━━ Materials provided

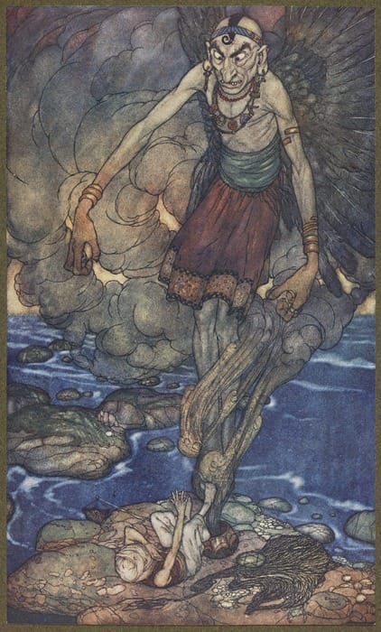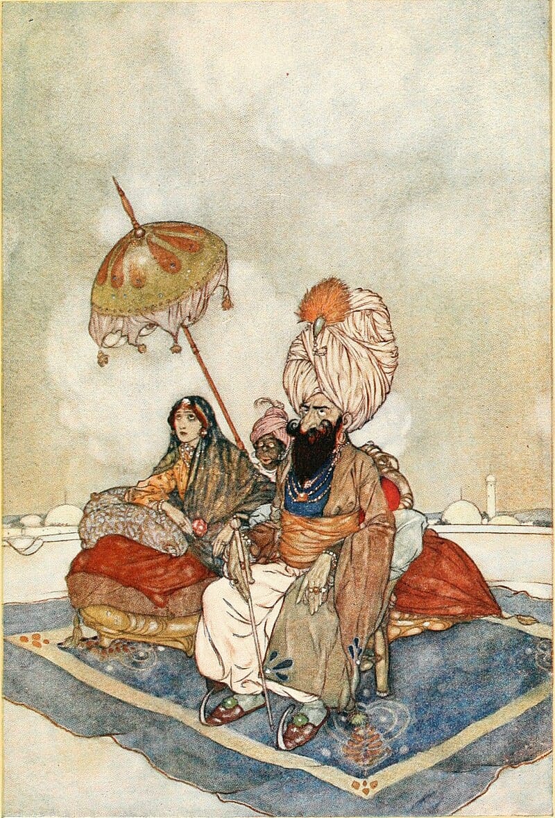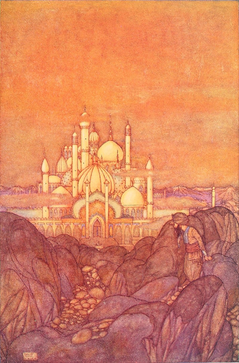 Immediately above (and below) is Edmund Dulac's illustrations for Stories from the Arabian Nights (1907). Up top is Disney's Agrabah in Aladdin - clearly an homage. Dulac was a French book illustrator whose heyday was in England in the years before World War I. He produced his whimsical flights of fancy for many books, including Edgar Allan Poe's poems and fairytales such as Beauty & the Beast.
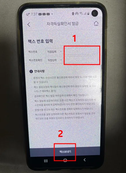 저는 '팩스'로 받기를 신청하였습니다. 서류를 받을 팩스 번호를 2번 입력하고 아래 '팩스 보내기'를 눌러 주면 됩니다. 저는 모바일 팩스 어플을 사용하고 있는데 무료이고 정말 편하더라고요.
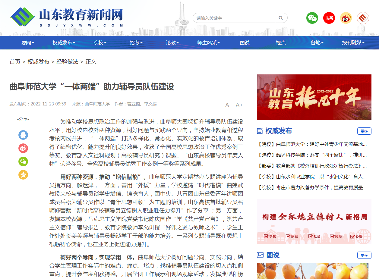 【山东教育新闻网】XK在线“一体两端”助力辅导员队伍建设
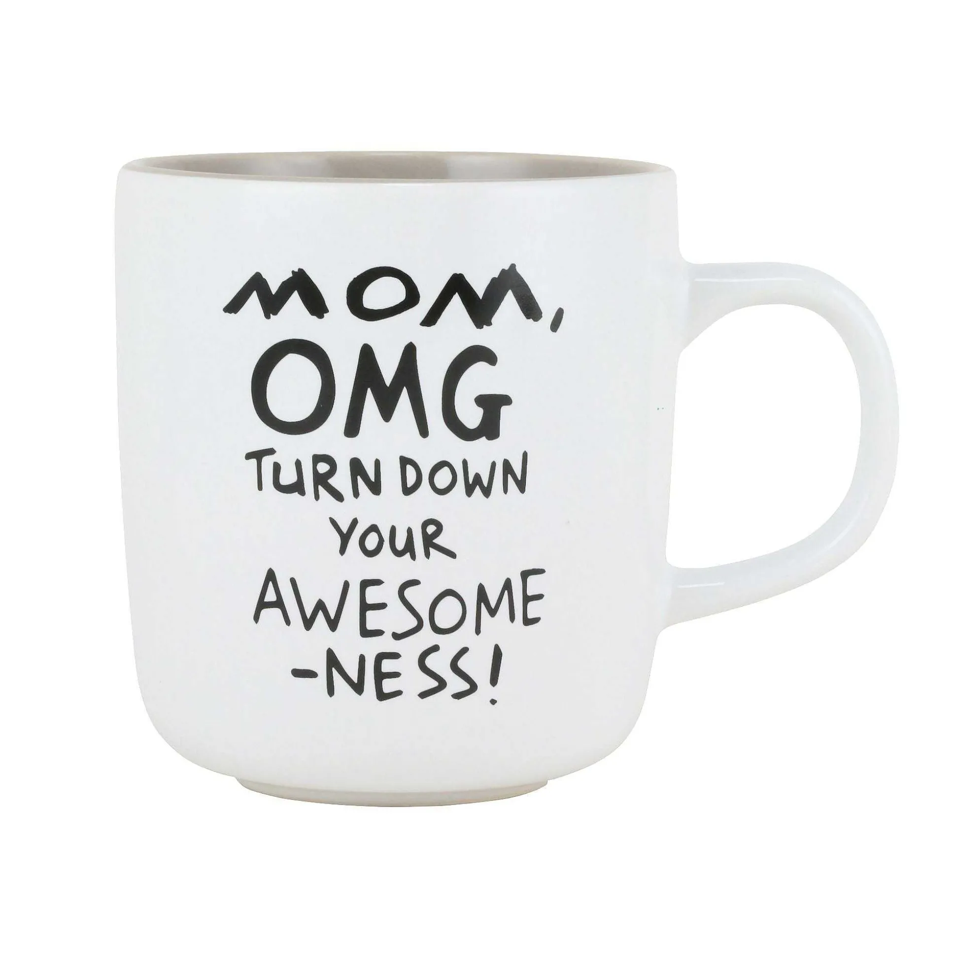 This 14 Oz Stoneware Mug By The Simply Mud Collection Is A Charming Addition To Any Kitchen. With A Clean Design, This White Mug Features Handwritten Script And Makes A Hilarious Gift For The Mom Who Is To Awesome To Handle.
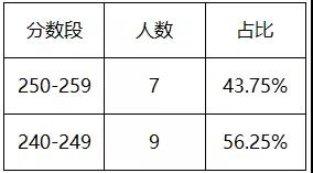 各分数段录取情况如下:
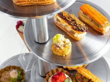Для каждого эклера 2 начинки и вкусовая глазурь для крышечки - Эклер с паштетом из печени и заварным кремом с горчицей - Эклер с паштетом из стейка и муссом из копчёного сыра - Эклер с тартаром из сёмги и кремом биск - Эклер с муссом из кальмаров и тапенадом
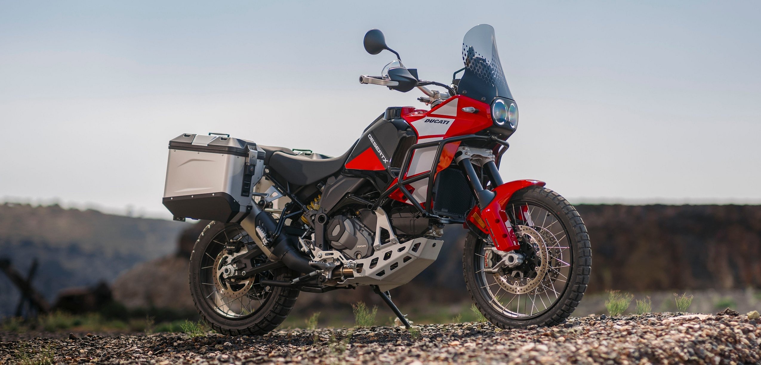 On- or off-road, the DesertX Discovery has a few extras that set it apart from the base model. Bolstering its durability on punishing terrain are reinforced hand guards and additional protection for the water pump, radiator grill and oil sump—three components that absolutely need to stay operable throughout a hard day’s ride. Should something go awry, the Discovery features a fold-down center stand to facilitate quick repairs in the field. And when it’s time to take the trek back home on paved roads, the Discovery’s heated grips and enlarged touring-style windshield are welcome creature comforts, especially in colder temperatures.
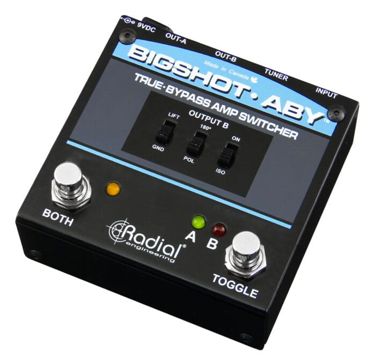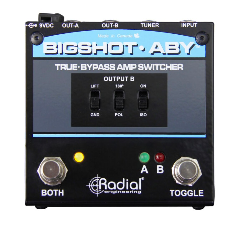 The BigShot ABY™ is a compact true-bypass ABY switcher that enables you to switch between two amplifiers or play through both amps at the same time, while eliminating buzz and hum from ground loops.
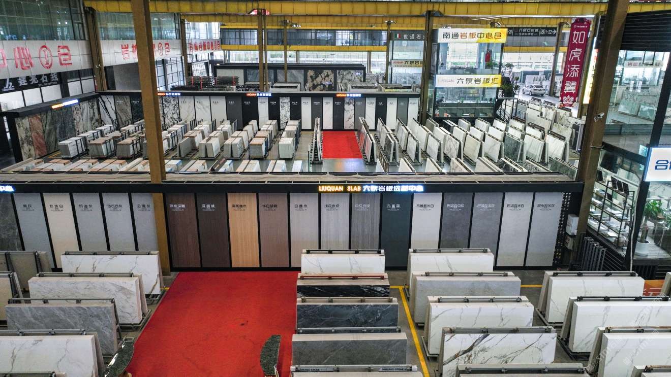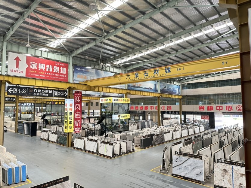 中國(guó)江蘇南通六泉石材城3號(hào)通道六泉巖板中心倉(cāng)
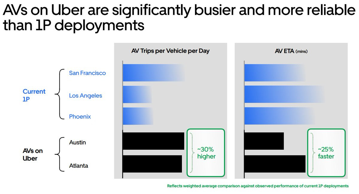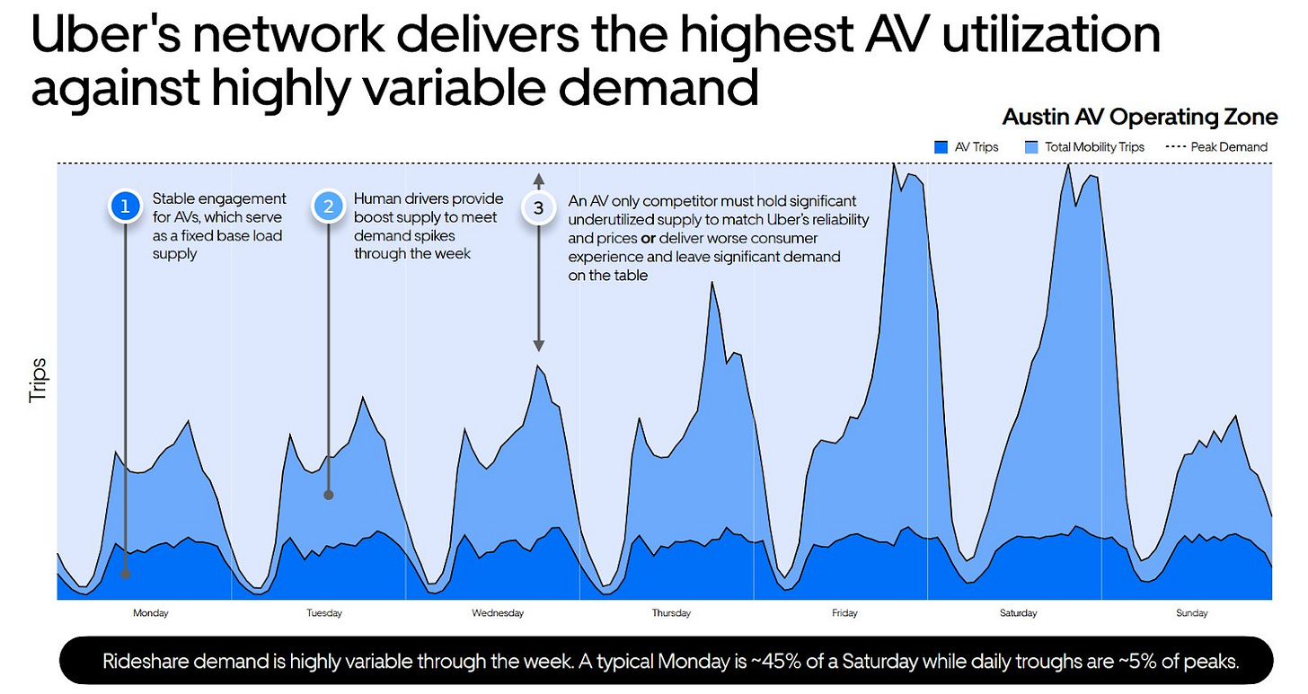 Uber’s AV argument makes sense. Rideshare demand is highly variable, which makes AVs a good fit for base load while human drivers handle peaks. But their first party benchmarks appear to be Uber’s own assumptions about Waymo utilization, rather than disclosed data. While the AVs on Uber’s platform reflect real performance and show about 30 percent higher utilization. I don’t think the conclusion is wrong, but the 1P numbers are highly sensitive to how those assumptions are set, and Uber did not share any methodology.
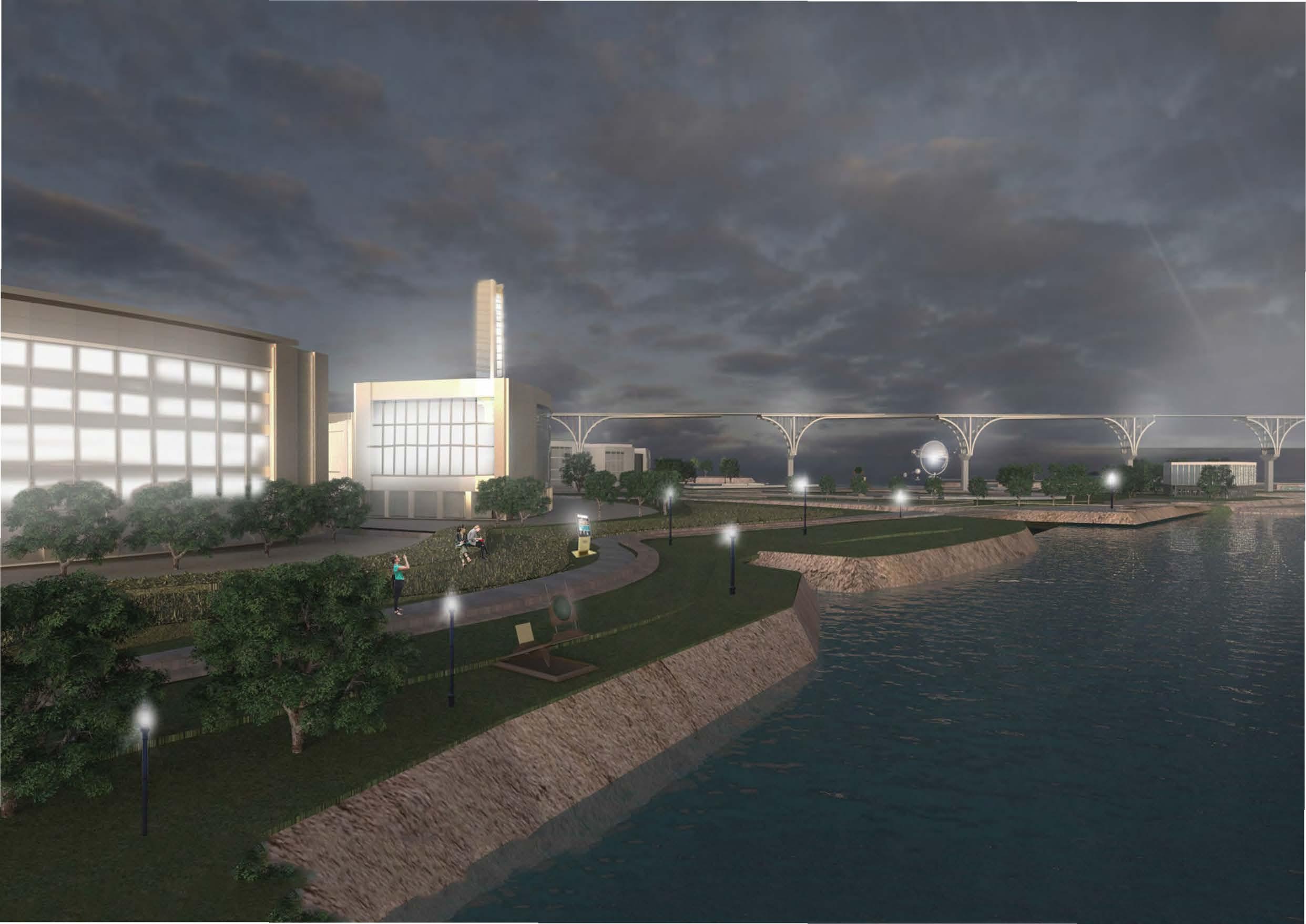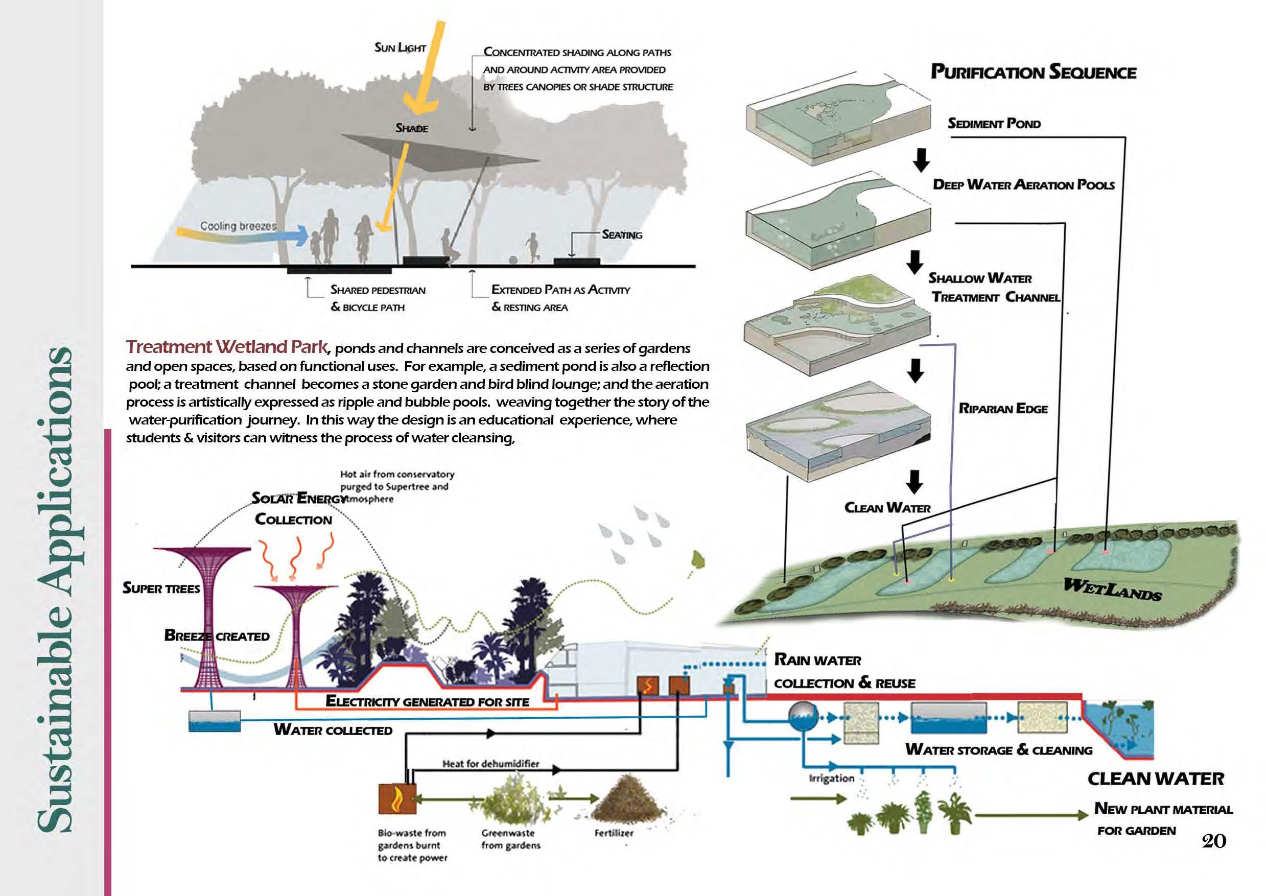 Treatment Wetland ponds and channels are conceived as a series of gardens and open spaces, based on functional uses. For example, a sediment pond is also a reflection pool; a treatment channel becomes a stone garden and bird blind lounge; and the aeration process is artistically expressed as ripple and bubble pools. weaving together the story of the water-purification journey. In this way the design is an educational experience, where students & visitors can witnes s the process of water cleansing, purged to
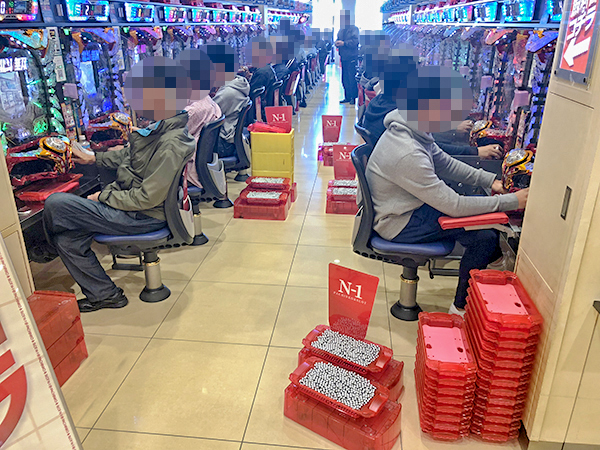 1円・0.5円パチンコの支持も厚い。思う存分楽しむプレイヤーの姿が至る所で見受けられた。
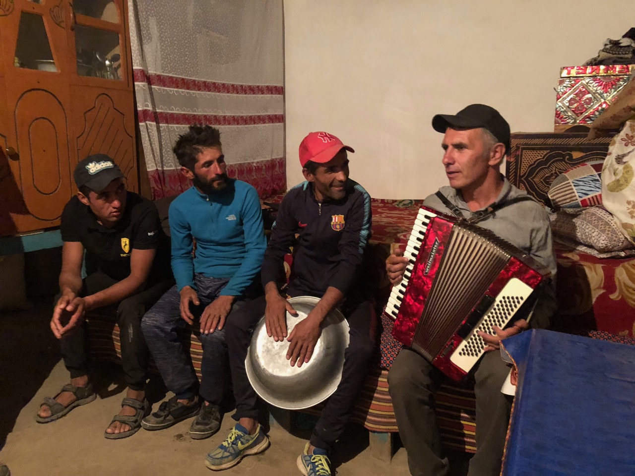 Am Abend verabschieden wir unsere Begleitmannschaft mit Musik von Sonja an der Ukulele & Topchi am Akkordeon und Tanz – eine willkommene Abwechslung für die gesamte Nachbarschaft, die sich sofort in die Feier einbringen.
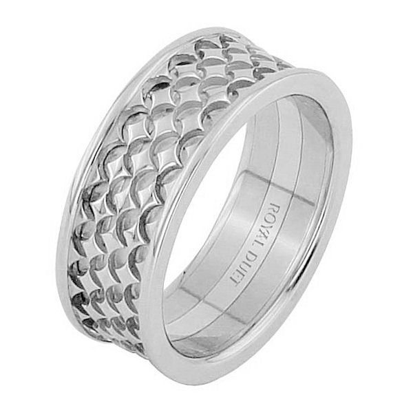 14 kt white gold, comfort fit, 8.35 mm wide, wedding ring. The band has a unique design made from white gold. Different finishes may be selected or specified.

━━━━

Work item. Please output the full listing above exactly, minus any pictures.

Final answer.
 Immediately above (and below) is Edmund Dulac's illustrations for Stories from the Arabian Nights (1907). Up top is Disney's Agrabah in Aladdin - clearly an homage. Dulac was a French book illustrator whose heyday was in England in the years before World War I. He produced his whimsical flights of fancy for many books, including Edgar Allan Poe's poems and fairytales such as Beauty & the Beast.
 저는 '팩스'로 받기를 신청하였습니다. 서류를 받을 팩스 번호를 2번 입력하고 아래 '팩스 보내기'를 눌러 주면 됩니다. 저는 모바일 팩스 어플을 사용하고 있는데 무료이고 정말 편하더라고요.
 【山东教育新闻网】XK在线“一体两端”助力辅导员队伍建设
 This 14 Oz Stoneware Mug By The Simply Mud Collection Is A Charming Addition To Any Kitchen. With A Clean Design, This White Mug Features Handwritten Script And Makes A Hilarious Gift For The Mom Who Is To Awesome To Handle.
 各分数段录取情况如下:
Для каждого эклера 2 начинки и вкусовая глазурь для крышечки - Эклер с паштетом из печени и заварным кремом с горчицей - Эклер с паштетом из стейка и муссом из копчёного сыра - Эклер с тартаром из сёмги и кремом биск - Эклер с муссом из кальмаров и тапенадом
 On- or off-road, the DesertX Discovery has a few extras that set it apart from the base model. Bolstering its durability on punishing terrain are reinforced hand guards and additional protection for the water pump, radiator grill and oil sump—three components that absolutely need to stay operable throughout a hard day’s ride. Should something go awry, the Discovery features a fold-down center stand to facilitate quick repairs in the field. And when it’s time to take the trek back home on paved roads, the Discovery’s heated grips and enlarged touring-style windshield are welcome creature comforts, especially in colder temperatures.
 The BigShot ABY™ is a compact true-bypass ABY switcher that enables you to switch between two amplifiers or play through both amps at the same time, while eliminating buzz and hum from ground loops.
 中國(guó)江蘇南通六泉石材城3號(hào)通道六泉巖板中心倉(cāng)
 Uber’s AV argument makes sense. Rideshare demand is highly variable, which makes AVs a good fit for base load while human drivers handle peaks. But their first party benchmarks appear to be Uber’s own assumptions about Waymo utilization, rather than disclosed data. While the AVs on Uber’s platform reflect real performance and show about 30 percent higher utilization. I don’t think the conclusion is wrong, but the 1P numbers are highly sensitive to how those assumptions are set, and Uber did not share any methodology.
 Treatment Wetland ponds and channels are conceived as a series of gardens and open spaces, based on functional uses. For example, a sediment pond is also a reflection pool; a treatment channel becomes a stone garden and bird blind lounge; and the aeration process is artistically expressed as ripple and bubble pools. weaving together the story of the water-purification journey. In this way the design is an educational experience, where students & visitors can witnes s the process of water cleansing, purged to
 1円・0.5円パチンコの支持も厚い。思う存分楽しむプレイヤーの姿が至る所で見受けられた。
 Am Abend verabschieden wir unsere Begleitmannschaft mit Musik von Sonja an der Ukulele & Topchi am Akkordeon und Tanz – eine willkommene Abwechslung für die gesamte Nachbarschaft, die sich sofort in die Feier einbringen.
 14 kt white gold, comfort fit, 8.35 mm wide, wedding ring. The band has a unique design made from white gold. Different finishes may be selected or specified.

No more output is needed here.